Liv didn’t want to know. Her legs felt weak.

“You cannot see her face,” Camila said. “But I know it is her. They are searching the—metadata, I think it is called.”

“But is she okay?” Nora asked. “In the photo?”

“It is a trophy, I think,” Camila said. “A boast, you know.”

“Oh, no,” Liv said, sinking to the couch. A trophy. She could not think about what that meant for her own children. She would not. She put her arms around Camila, whose shoulders felt like a bird’s wings. Slight, hollow bones. “I’m so sorry,” she said.

Camila submitted to be held.

Liv kept stumbling over blank spots in her mind. She remembered reading about mad cow disease, how prions ate holes in the brain, left it like Swiss cheese. Her brain felt like that. There were places where fear had created a gap, places she could not go.

Nora sat across from them, perfectly still. “Do you have the picture?”

Camila pulled free from Liv.
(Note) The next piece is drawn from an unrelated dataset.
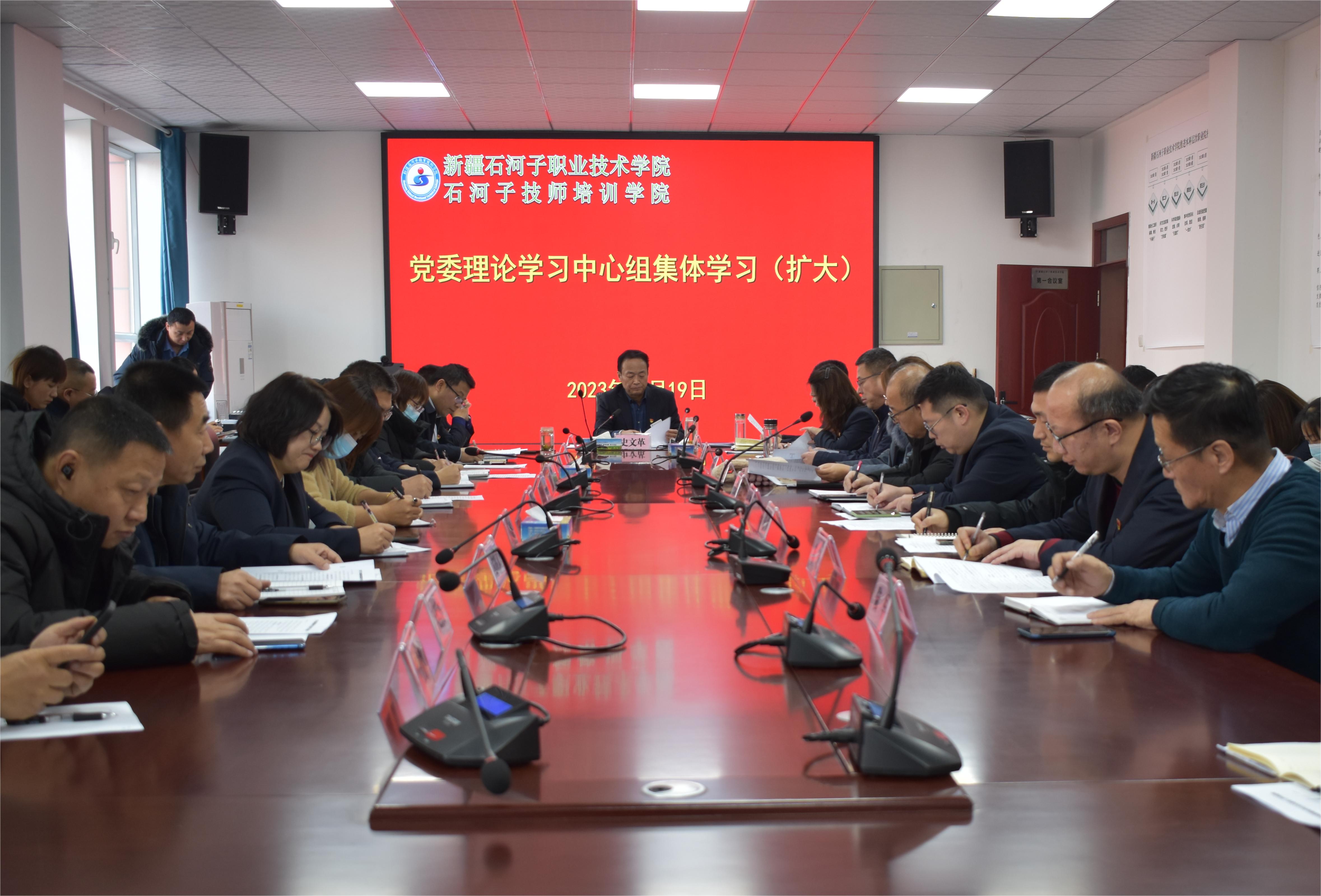 (王需 杨慧报道)2023年12月19日上午,Beat365中文官方网站党委在行政楼3楼会议室举行第27次理论中心组集体学习(扩大)会议,党委书记史文革主持会议,学院院长林炯,纪委书记万祥军,副院长马彩梅、张金果、褚衍兵,各部门、各二级学院负责人参加会议。史书记传达学习习近平总书记谈以学铸魂、以学增智、以学正风、以学促干,怀进鹏:厚植爱国情怀 培育时代新人,职校升本不忘“本”,才能稳中求进等文件精神。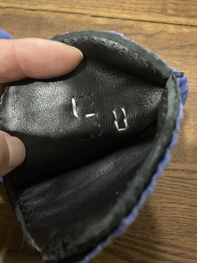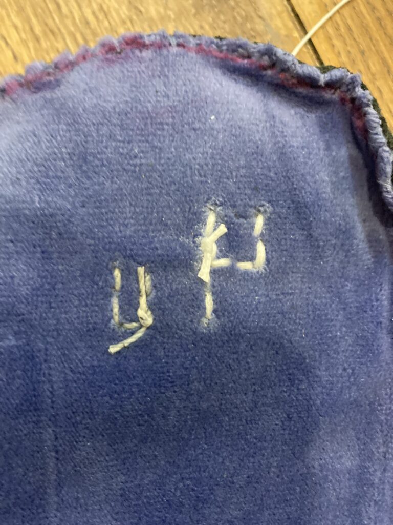 上部は細い両面テープで仮止めしてから縫い合わせているので上部だけ開けて、4にできるように穴を開けて、7になっている糸を外し新しく4で縫い直したところです。

She produced a phone and touched uncertainly at the screen. An Instagram post—or a screenshot of one—appeared. She offered the phone, then looked away as Liv and Nora leaned over it.

The photograph was of a girl in a bed, face down. She seemed to be naked, but only her back was visible. Her long hair was loose and damp over her face. It looked horrifyingly postcoital, but there were no identifying marks. No moles, no scars. Nothing on the smooth, lovely skin to prove that it was Isabel. The photograph had a filter on it, fading the edges dark, and Liv thought about the person who had taken it choosing a filter, trying Clarendon, X-Pro, Lo-Fi.